Requirement: Lines from the one with "株式会社丸山製作所(本社:東" to the end of the material, both included: print them exactly and print nothing else. Omit the pictures.

Data:

•••

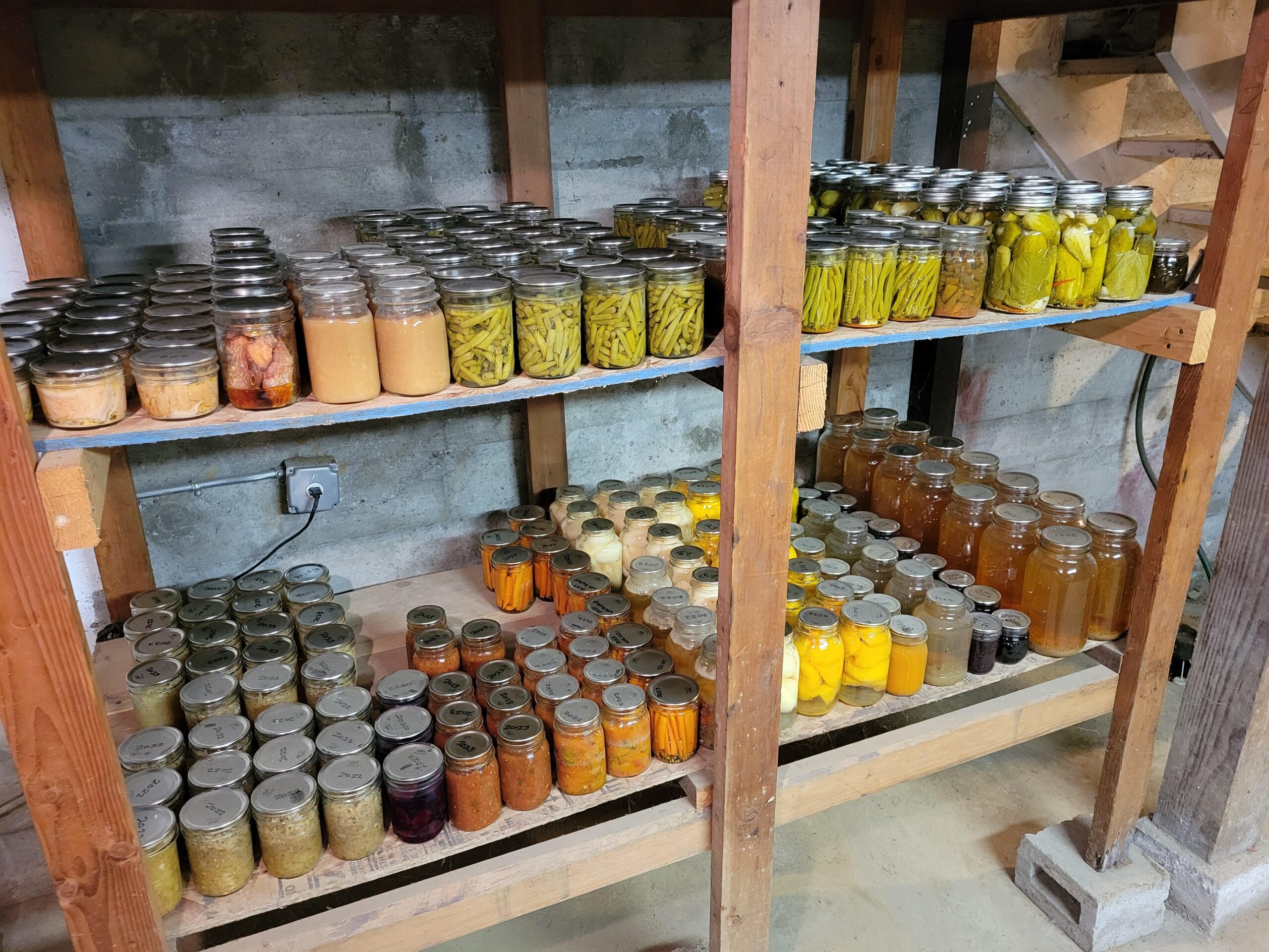 I think we’re finally done canning for the year. Everything here we grew on our place except the salmon, which I caught, and the beef broth from the 1/4 cow we got.
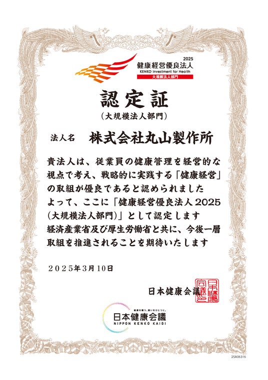 株式会社丸山製作所(本社:東京都千代田区、代表取締役社長:内山剛治)および当社グループ会社である日本クライス株式会社、マルヤマエクセル株式会社、西部丸山株式会社、丸山物流株式会社は、経済産業省と日本健康会議による「健康経営優良法人認定制度」において、4年連続で「健康経営優良法人(大規模法人部門)」に認定されました。
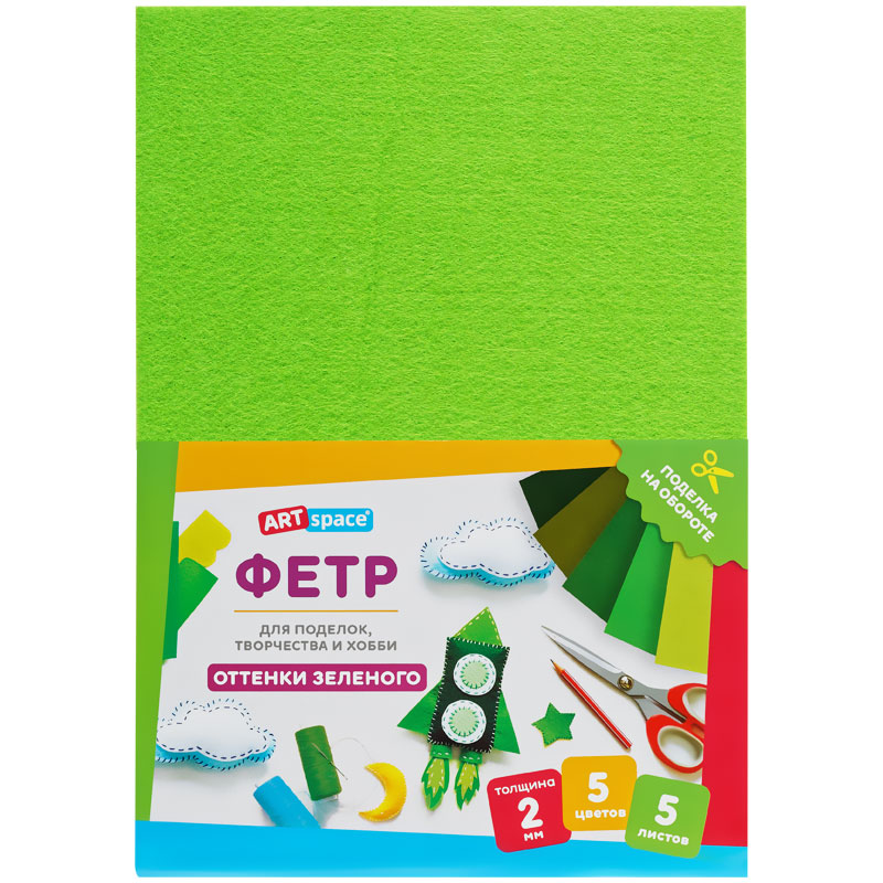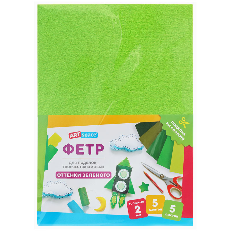 Фетр ArtSpace отлично подойдёт для пошива игрушек, книжек, украшений, сумочек, а также декора предметов интерьера. Мягкий и податливый материал хорошо держит форму, быстро склеивается и сгибается в любом направлении. Используется в различных видах творчества: шитьё, скрапбукинг, вышивка бисером, создание бижутерии. Богатая цветовая палитра порадует и детей, и взрослых. Создавайте неповторимые шедевры! Товар представлен в 5 листах, 5 оттенков зелёного. Размер: 210*297 мм. Толщина материала: 2 мм. • Размер: 210*297 мм; • Цвет: ассорти; • Толщина материала: 2 мм.
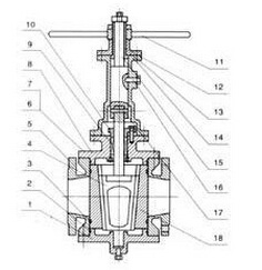当转动手轮,塞子将朝阀门的方向转动,同时带动阀片转动90度,当继续转动手轮,塞子将会下压,使阀门向两侧张开,阀片将紧紧的压在阀座上,使阀门关闭.

•••

Written answer:
 株式会社丸山製作所(本社:東京都千代田区、代表取締役社長:内山剛治)および当社グループ会社である日本クライス株式会社、マルヤマエクセル株式会社、西部丸山株式会社、丸山物流株式会社は、経済産業省と日本健康会議による「健康経営優良法人認定制度」において、4年連続で「健康経営優良法人(大規模法人部門)」に認定されました。
 Фетр ArtSpace отлично подойдёт для пошива игрушек, книжек, украшений, сумочек, а также декора предметов интерьера. Мягкий и податливый материал хорошо держит форму, быстро склеивается и сгибается в любом направлении. Используется в различных видах творчества: шитьё, скрапбукинг, вышивка бисером, создание бижутерии. Богатая цветовая палитра порадует и детей, и взрослых. Создавайте неповторимые шедевры! Товар представлен в 5 листах, 5 оттенков зелёного. Размер: 210*297 мм. Толщина материала: 2 мм. • Размер: 210*297 мм; • Цвет: ассорти; • Толщина материала: 2 мм.
当转动手轮,塞子将朝阀门的方向转动,同时带动阀片转动90度,当继续转动手轮,塞子将会下压,使阀门向两侧张开,阀片将紧紧的压在阀座上,使阀门关闭.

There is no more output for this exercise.